Assignment:
Below is a block of records: output all of them exactly and leave out the pictures.
+ + +
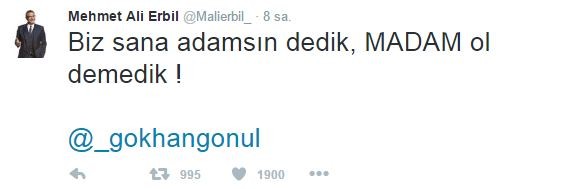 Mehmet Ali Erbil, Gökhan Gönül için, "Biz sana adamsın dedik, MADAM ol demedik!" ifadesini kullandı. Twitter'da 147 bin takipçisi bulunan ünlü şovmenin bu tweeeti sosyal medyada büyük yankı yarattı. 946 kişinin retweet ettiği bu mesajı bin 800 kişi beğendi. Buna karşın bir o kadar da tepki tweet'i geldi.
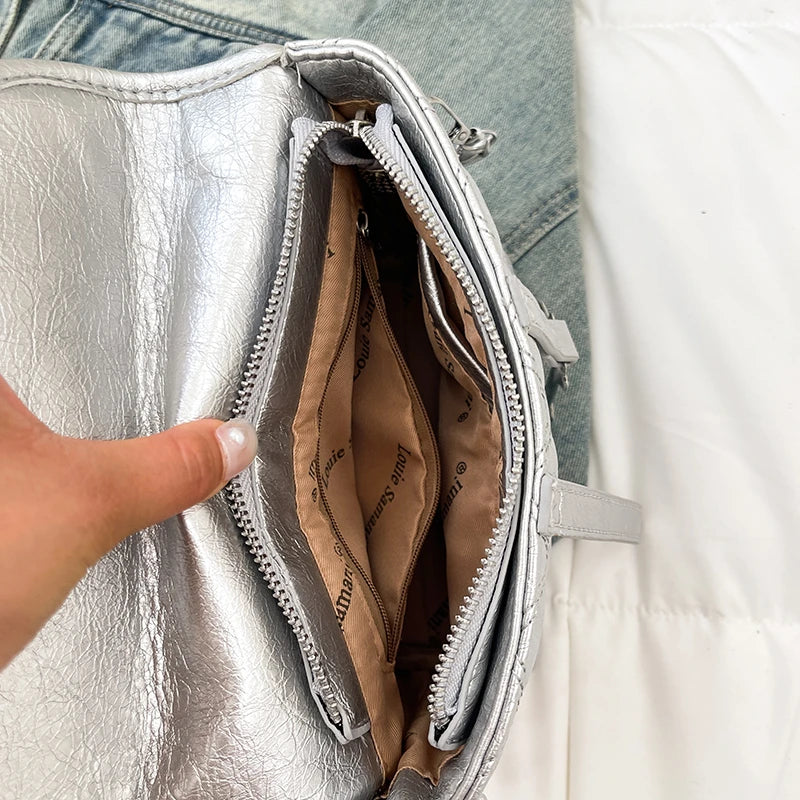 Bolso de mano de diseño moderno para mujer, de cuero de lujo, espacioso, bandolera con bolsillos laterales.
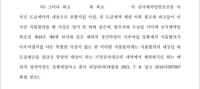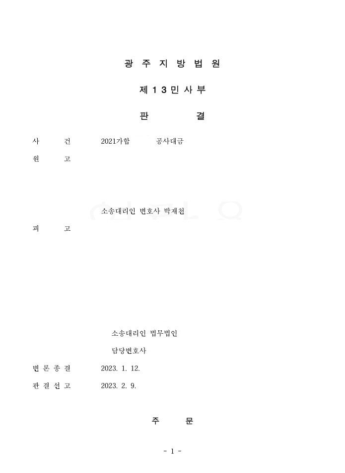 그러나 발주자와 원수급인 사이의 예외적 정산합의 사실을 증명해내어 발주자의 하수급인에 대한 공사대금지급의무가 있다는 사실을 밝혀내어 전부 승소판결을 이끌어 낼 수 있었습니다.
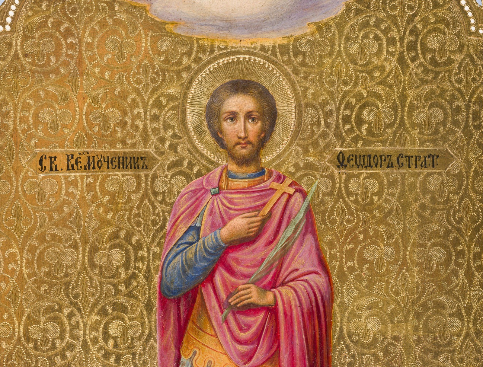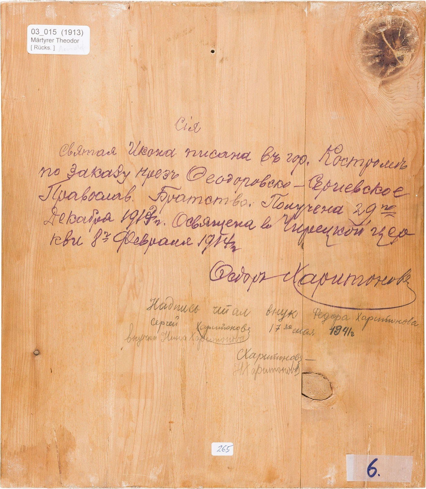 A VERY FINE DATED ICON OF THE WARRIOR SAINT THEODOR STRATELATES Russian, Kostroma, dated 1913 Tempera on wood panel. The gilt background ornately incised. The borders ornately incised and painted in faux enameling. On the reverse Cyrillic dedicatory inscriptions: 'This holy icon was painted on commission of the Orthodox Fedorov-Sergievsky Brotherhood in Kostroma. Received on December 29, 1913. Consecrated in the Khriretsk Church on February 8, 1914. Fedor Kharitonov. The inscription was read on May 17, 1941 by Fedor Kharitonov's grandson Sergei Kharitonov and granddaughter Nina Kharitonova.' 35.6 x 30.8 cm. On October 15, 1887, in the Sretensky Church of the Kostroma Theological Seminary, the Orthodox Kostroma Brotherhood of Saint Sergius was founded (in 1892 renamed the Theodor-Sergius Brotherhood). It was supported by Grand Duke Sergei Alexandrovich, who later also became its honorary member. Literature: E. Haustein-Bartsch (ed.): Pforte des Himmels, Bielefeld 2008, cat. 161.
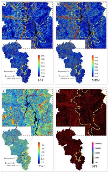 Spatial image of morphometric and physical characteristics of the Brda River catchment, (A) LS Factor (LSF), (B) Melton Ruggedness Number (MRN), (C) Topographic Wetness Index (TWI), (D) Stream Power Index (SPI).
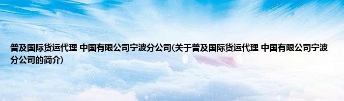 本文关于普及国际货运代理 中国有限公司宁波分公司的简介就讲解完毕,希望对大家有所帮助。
+ + +
Answer to this exercise:
 Mehmet Ali Erbil, Gökhan Gönül için, "Biz sana adamsın dedik, MADAM ol demedik!" ifadesini kullandı. Twitter'da 147 bin takipçisi bulunan ünlü şovmenin bu tweeeti sosyal medyada büyük yankı yarattı. 946 kişinin retweet ettiği bu mesajı bin 800 kişi beğendi. Buna karşın bir o kadar da tepki tweet'i geldi.
 Bolso de mano de diseño moderno para mujer, de cuero de lujo, espacioso, bandolera con bolsillos laterales.
 그러나 발주자와 원수급인 사이의 예외적 정산합의 사실을 증명해내어 발주자의 하수급인에 대한 공사대금지급의무가 있다는 사실을 밝혀내어 전부 승소판결을 이끌어 낼 수 있었습니다.
 A VERY FINE DATED ICON OF THE WARRIOR SAINT THEODOR STRATELATES Russian, Kostroma, dated 1913 Tempera on wood panel. The gilt background ornately incised. The borders ornately incised and painted in faux enameling. On the reverse Cyrillic dedicatory inscriptions: 'This holy icon was painted on commission of the Orthodox Fedorov-Sergievsky Brotherhood in Kostroma. Received on December 29, 1913. Consecrated in the Khriretsk Church on February 8, 1914. Fedor Kharitonov. The inscription was read on May 17, 1941 by Fedor Kharitonov's grandson Sergei Kharitonov and granddaughter Nina Kharitonova.' 35.6 x 30.8 cm. On October 15, 1887, in the Sretensky Church of the Kostroma Theological Seminary, the Orthodox Kostroma Brotherhood of Saint Sergius was founded (in 1892 renamed the Theodor-Sergius Brotherhood). It was supported by Grand Duke Sergei Alexandrovich, who later also became its honorary member. Literature: E. Haustein-Bartsch (ed.): Pforte des Himmels, Bielefeld 2008, cat. 161.
 Spatial image of morphometric and physical characteristics of the Brda River catchment, (A) LS Factor (LSF), (B) Melton Ruggedness Number (MRN), (C) Topographic Wetness Index (TWI), (D) Stream Power Index (SPI).
 本文关于普及国际货运代理 中国有限公司宁波分公司的简介就讲解完毕,希望对大家有所帮助。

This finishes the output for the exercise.